Did you ever use that little phrase, “I’d give an arm and a leg” for something? It means you really, really want something. So bad that you’d even sacrifice an irreplaceable part of the body for it. At least, figuratively.
Yogi Berra, once quipped, “I’d give my right arm to be ambidextrous”.
Now, obviously, Jesus doesn’t want us to go around cutting of various parts of our body. But his strong words here are meant to jolt us out of a complacency toward sin. He is showing us in strong and certain terms that sin is a deadly serious problem. One that we far too often take far too lightly.
“It’s no big deal” we rationalize. “It doesn’t hurt anyone else.” “Just this once.” “No one will know.”
Think of the things we say to minimize and justify our sin. Or we try to change the subject or shift the blame. “Who are you to tell me what to do?” “Doesn’t the Bible say not to judge?” “Hey, it’s not my fault… it’s that woman you gave to me.” or “The temptation was too strong. The Devil made me do it.” Maybe your favorite is, “I’m only human” or “Nobody’s perfect”. Or if someone harms you, you think you can harm them back – tit for tat – take the law into your own hands.

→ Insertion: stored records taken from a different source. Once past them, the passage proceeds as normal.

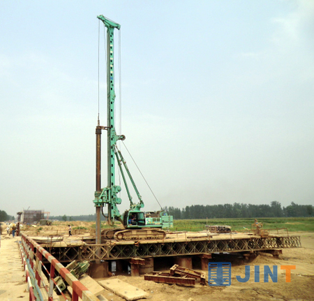 針對該樁基工程特點,施承建單位中鐵大橋局二公司制定了周密的施工計劃,并選擇了上海金泰生產(chǎn)的SH36W多功能鉆機進(jìn)行施工。SH36W是采用大三角結(jié)構(gòu)桅桿結(jié)構(gòu)的大型旋挖鉆機,配置了特制5層摩阻鉆桿、高抗壓抗形變底盤,設(shè)備穩(wěn)定性強、施工能力高。在將軍渡黃河特大橋復(fù)雜的施工環(huán)境下,該設(shè)備創(chuàng)造了單樁21小時成孔的施工速度,創(chuàng)造了國內(nèi)超大、超深樁的施工的新記錄,為將軍渡黃河特大橋工程按期完成提供了保證,得到施工單位、業(yè)主單位的肯定和認(rèn)可。
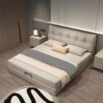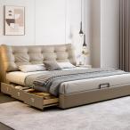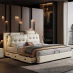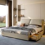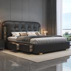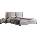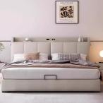 【並行輸入品】 LSIGHTUS Gray Luxury Genuine Leather Bed Storage Platform Bed Fr
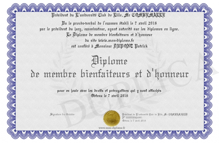 Envoyez par email votre Diplome de membre bienfaiteurs et d'honneur personalisé
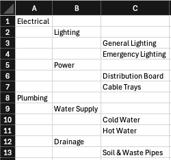 For multilevel lists use column A for level 1, column B for level 2, and so on.
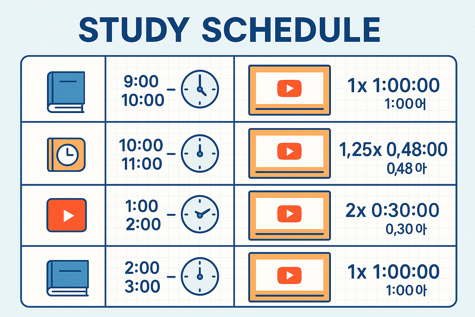 • 오전 (집중력 높음): 이론 중심 긴 영상
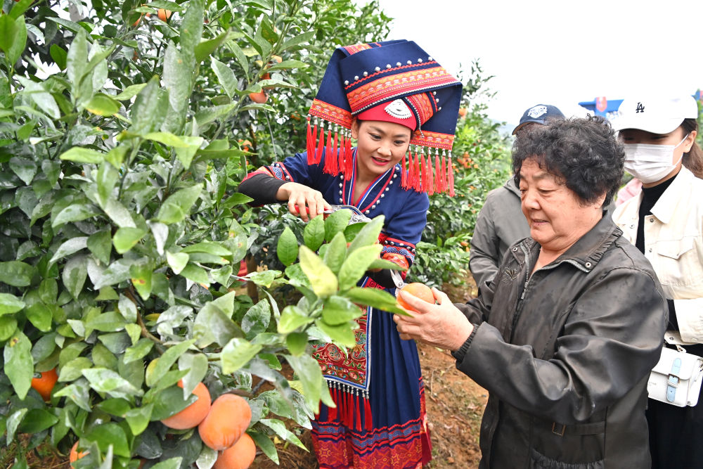 1月11日,广西南宁市武鸣区沃柑基地工作人员教东北游客采摘沃柑。新华每日电讯记者 周华 摄
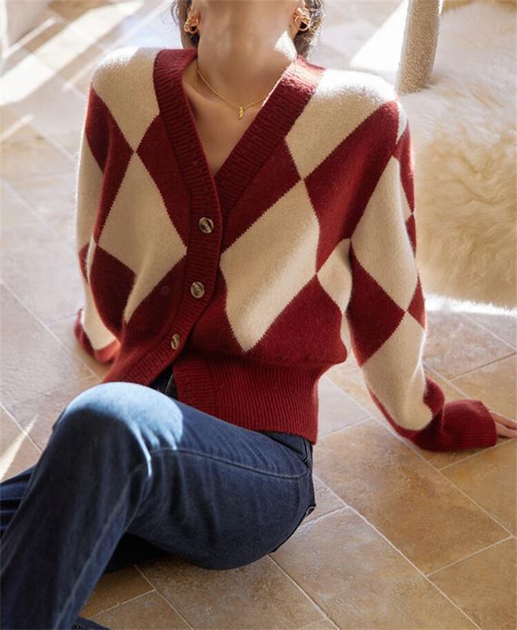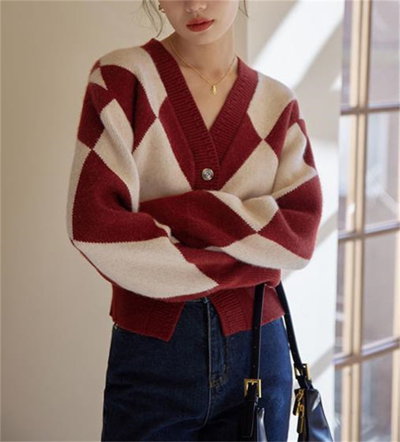 ウール混紡 菱格 新年 セーター vネック ニットトップス カーディガン
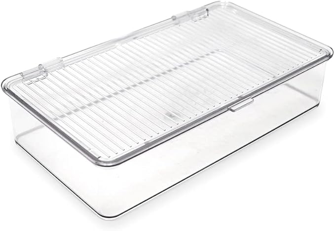- MULTI-USE: Maximize space by storing smaller items in one bin. Organization feels good and looks good with our hinged lid stackable box. (Parents, teachers, and office managers - you’ll thank us later.) From precious greeting cards, photos, small collectibles, jewelry to everyday goods like bandages and first aid. You’ll stay organized and protect your items from potential damage or dust.
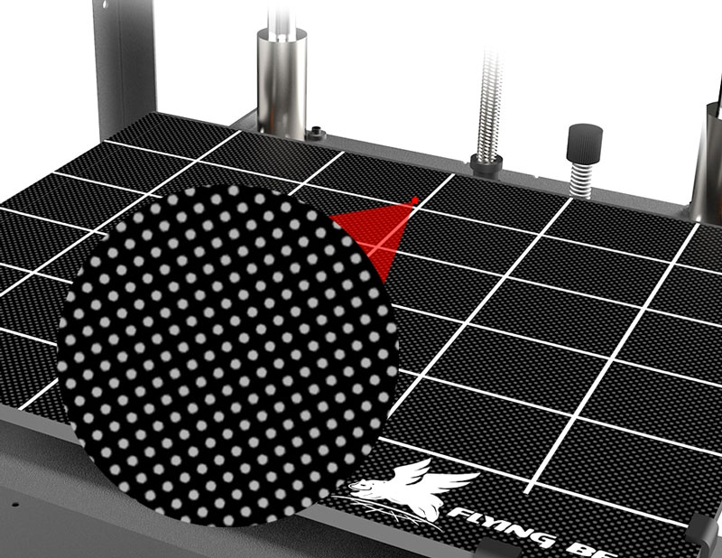 Стеклянная платформа печати, с функцией подогрева, оборудована специальным адгезивным покрытием. Она быстро нагревается и охлаждается, устойчива к различным температурным режимам печати, имеет большой срок службы и обеспечивает хорошее прилипание первого слоя, и в то же время легкое снятие модели с платформы;

Jesus would have none of this. For him, sin is a big deal. For the Father, sin is a big deal. He doesn’t wink at it or ignore it. He doesn’t excuse it or accept your lame excuses. He is a just and fair judge who does what he says, and punishes the guilty. Yes, but that’s not the whole story…
Jesus would have us take our sin seriously. Serious as a heart attack. Serious as life and death. For that’s what sin always leads to, death, that is its wages. And not just earthly death, but eternal death. Yes, hell is real. Most of what we know about it comes from the lips our Jesus himself. A place of unquenchable fire and everlasting anguish. One way of looking of it is to be “cut off” from God for eternity. And isn’t it better to have a hand or foot cut off, than to be cut off from God?
Yes, according to Jesus.
But it doesn’t seem like such a good idea to take the advice Jesus gives in our Gospel lesson today, does it? If you hand or foot causes you to sin, cut it off. If your eye causes you to sin, pluck it out. And if we did take this word literally we might see a lot of blind and handless and footless people hobbling around. But to extend the principle further, if any part of our body involved in sin is to be destroyed, then there wouldn’t be anything left of us. For we are corrupted, thoroughly, through and through.

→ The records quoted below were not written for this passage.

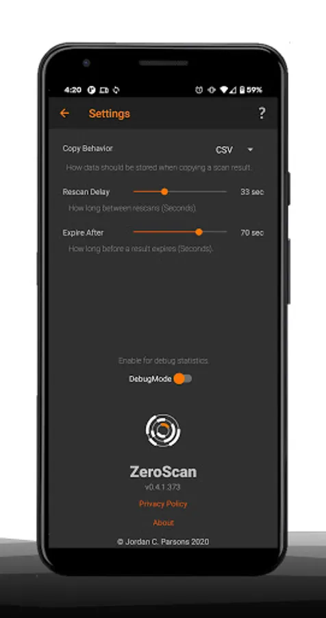 ZeroScan does not collect any data, or send any data out. It only listens for broadcasting services. No information is retained beyond user preferences once the app is closed.
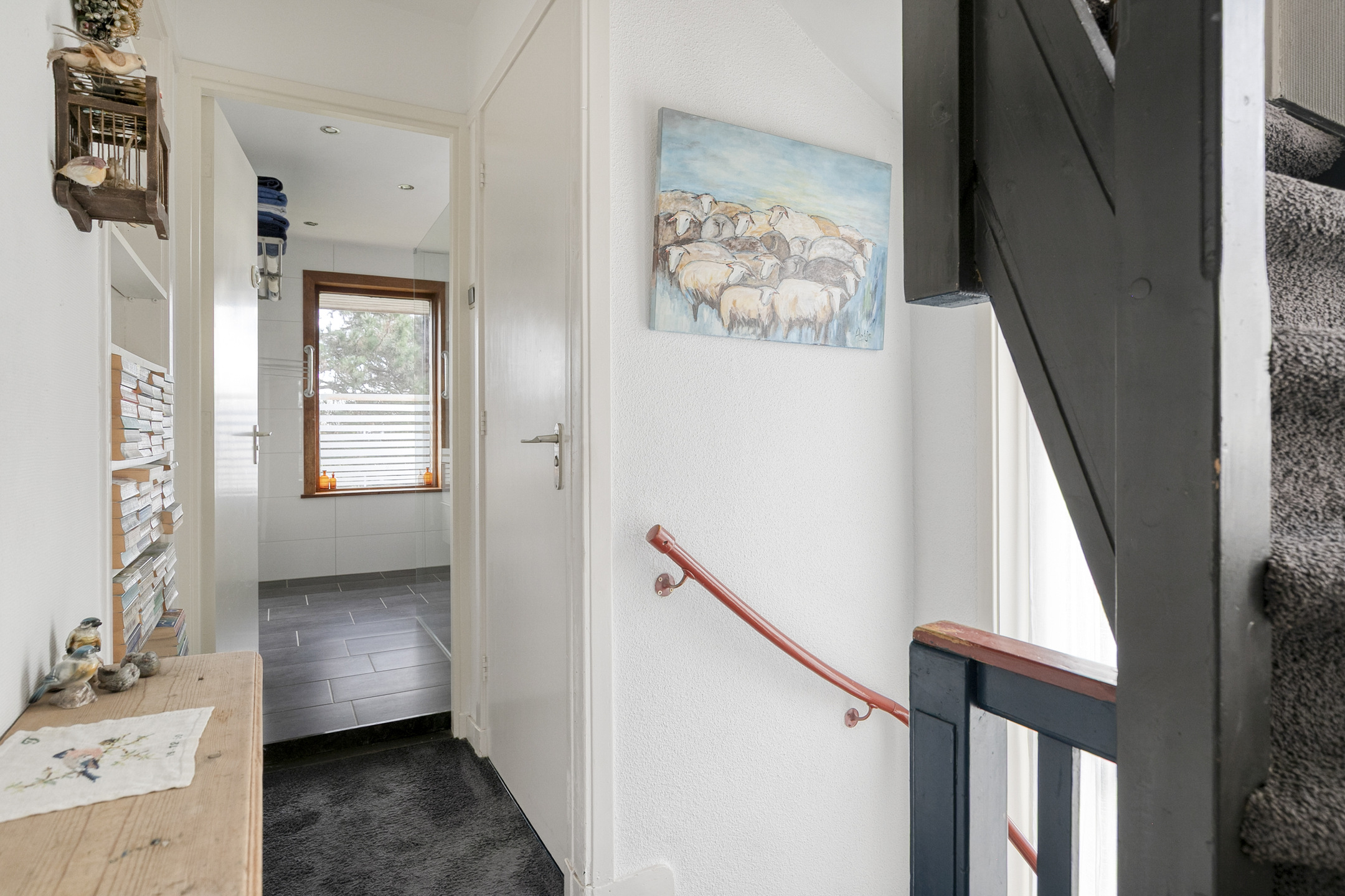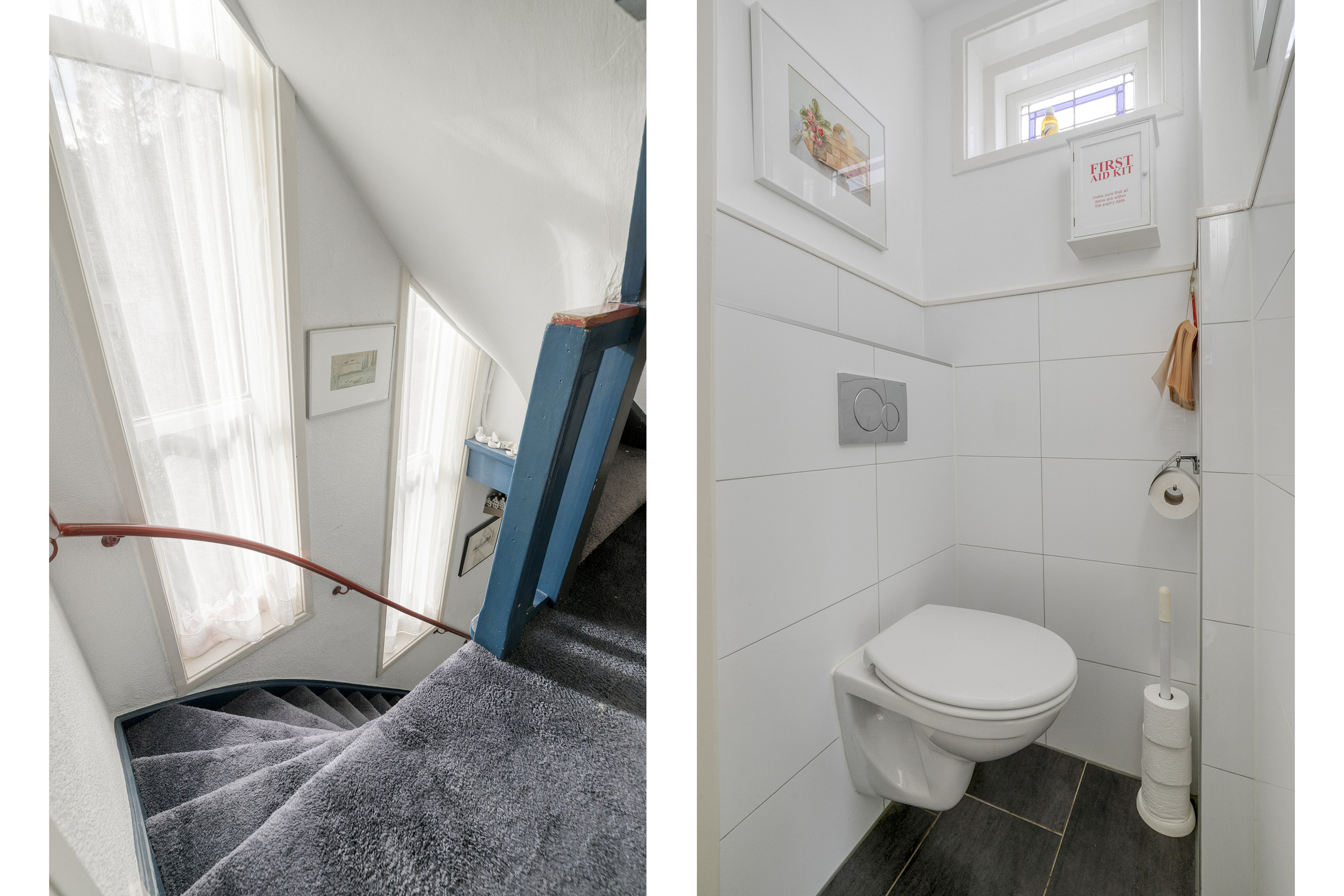 Through the entrance you step into the hall with the meter cupboard, toilet, staircase to the first floor, and access to both the living room and the basement level (souterrain).
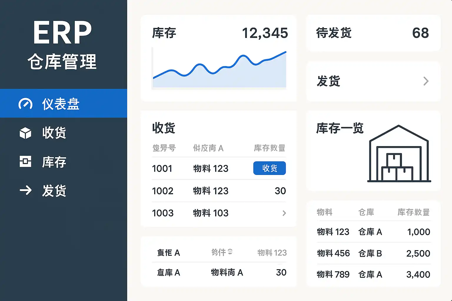 - 报表与数据分析:实时生成库存、订单等关键指标报表,辅助决策。 这些功能结合实际案例,如某电子产品企业通过实施ERP,库存周转率提升了40%,显著提升仓库操作效率。

And sin cuts us off. It cuts us off from God, and it cuts us off from each other. Think about how it is when there’s a sin hanging out there between you and a fellow Christian. Instead of peace there’s this gulf, a separation, a distance that seems like it cannot be bridged. Sin is what breaks relationships and puts people at enmity with each other. Sin is what creates “us” and “them”. And as Christians, we want no part of that. When your brother sins against you, Jesus says, go show him his fault – with the hopes he will listen and you will be reconciled. When you sin against your brother, confess it, ask for forgiveness, and be reconciled to one another in Christ.

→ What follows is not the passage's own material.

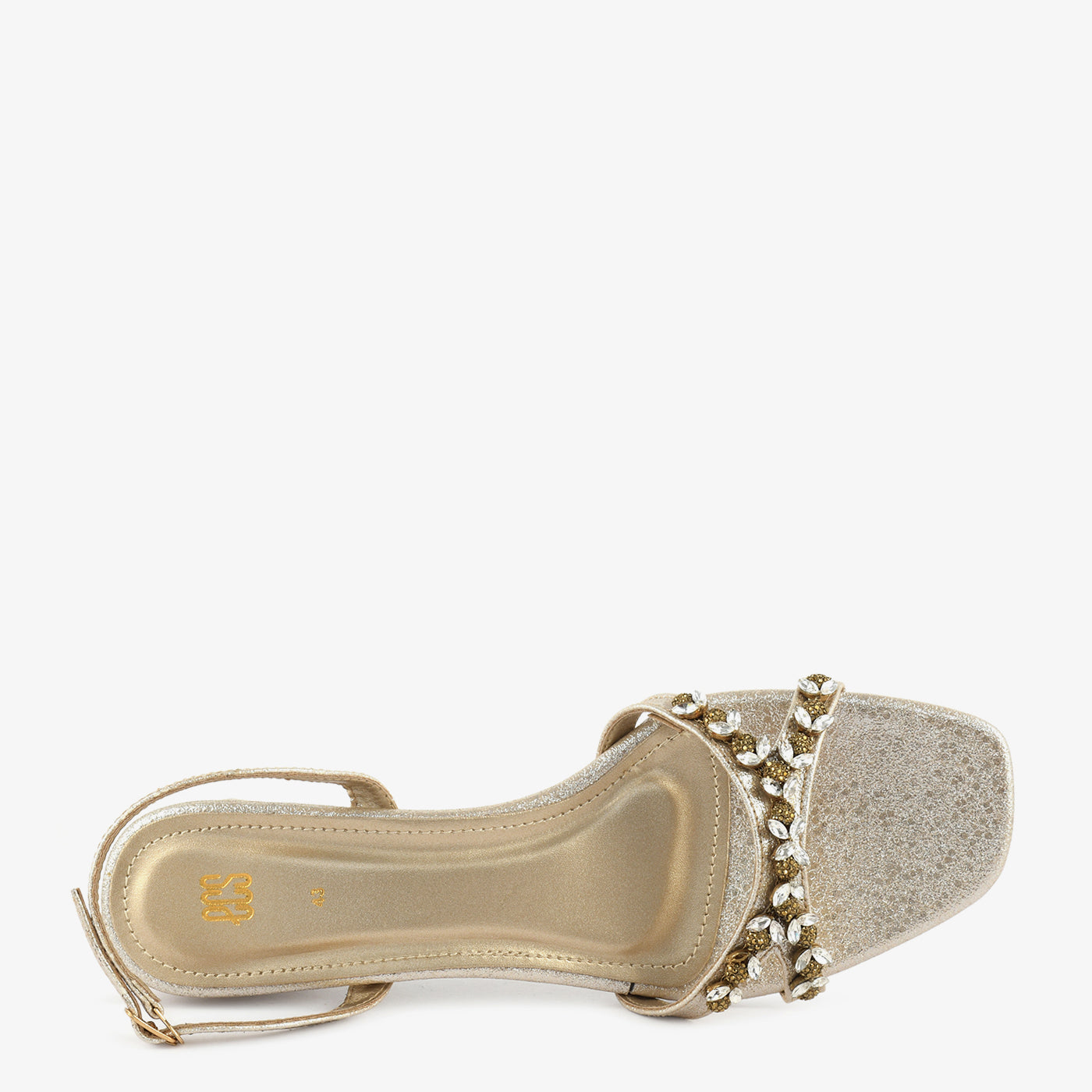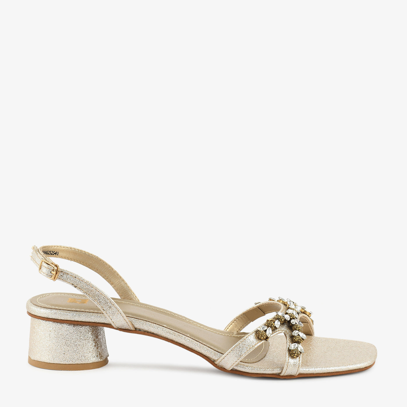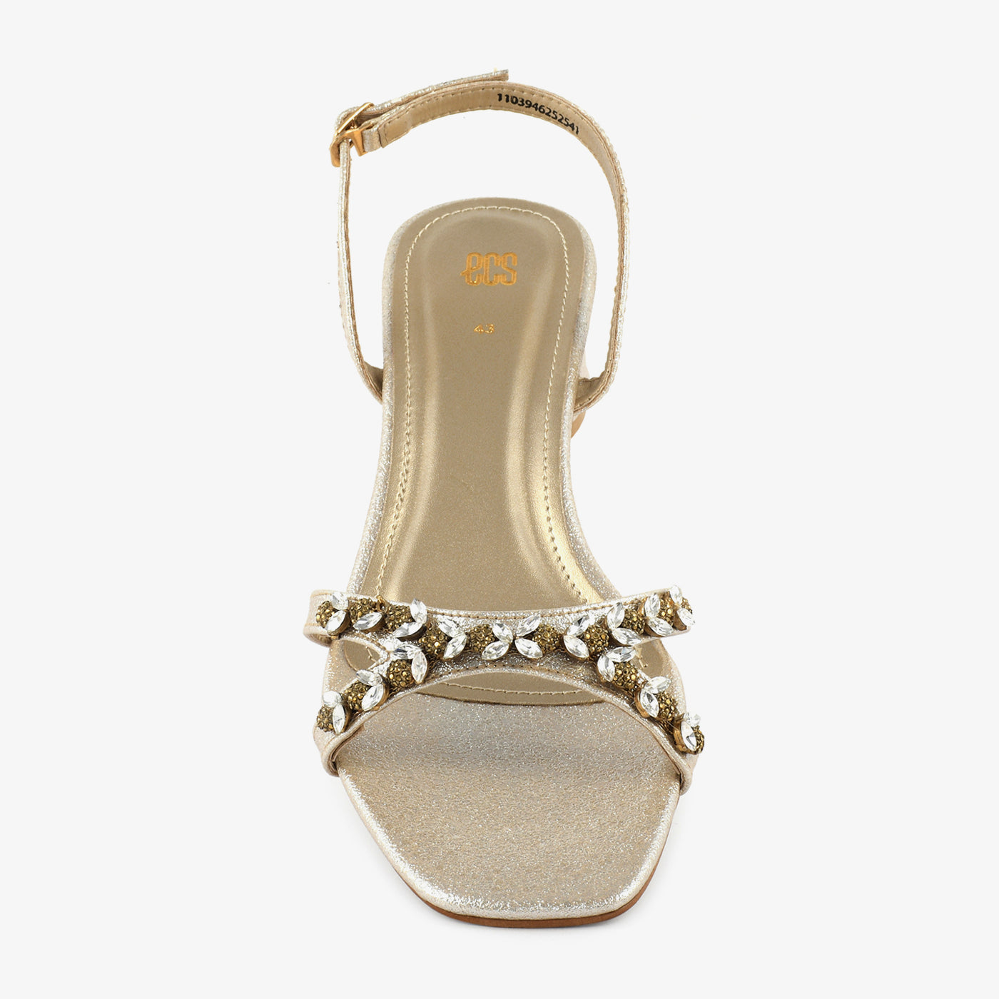 Designed with delicate stone embellishments, this stylish sandal brings refined elegance to your footwear collection. The cushioned insole provides lasting comfort for extended wear. Its secure ankle strap ensures stability and a customized fit. The balanced block heel offers gentle elevation while maintaining easy movement. Lightweight construction allows effortless walking throughout the day. Fine finishing details enhance durability and premium appeal. The slip-on design makes it convenient for quick wear. Perfect for festive occasions, parties, and special gatherings.

But our real problem, our first problem, is that our sin cuts us off from our God. A holy God is by nature set apart from sin, sinfulness and sinners. We deserve to be cast out from his presence. We deserve to be exiled from paradise like our first parents were from the Garden. Our sinful nature and our own sins cut us off from God.
Our eyes lust and covet. Our hands steal and strike. Our mind is full of twisted thoughts and ideas. Our mouth, as James says, is a wild beast and a raging fire. And even the human heart, which so many hold in such esteem…. follow your heart, do it with all your heart…. Jesus says it is out of the heart that come all sorts of evil desires and thoughts. But who can live without his heart? So are we to die?
Yes. Die with Christ, only to rise with him. Only Christ can save our eyes and hands and feet and hearts. Only Christ can make every unclean, unrighteous member of this fallen human nature clean and holy and righteous.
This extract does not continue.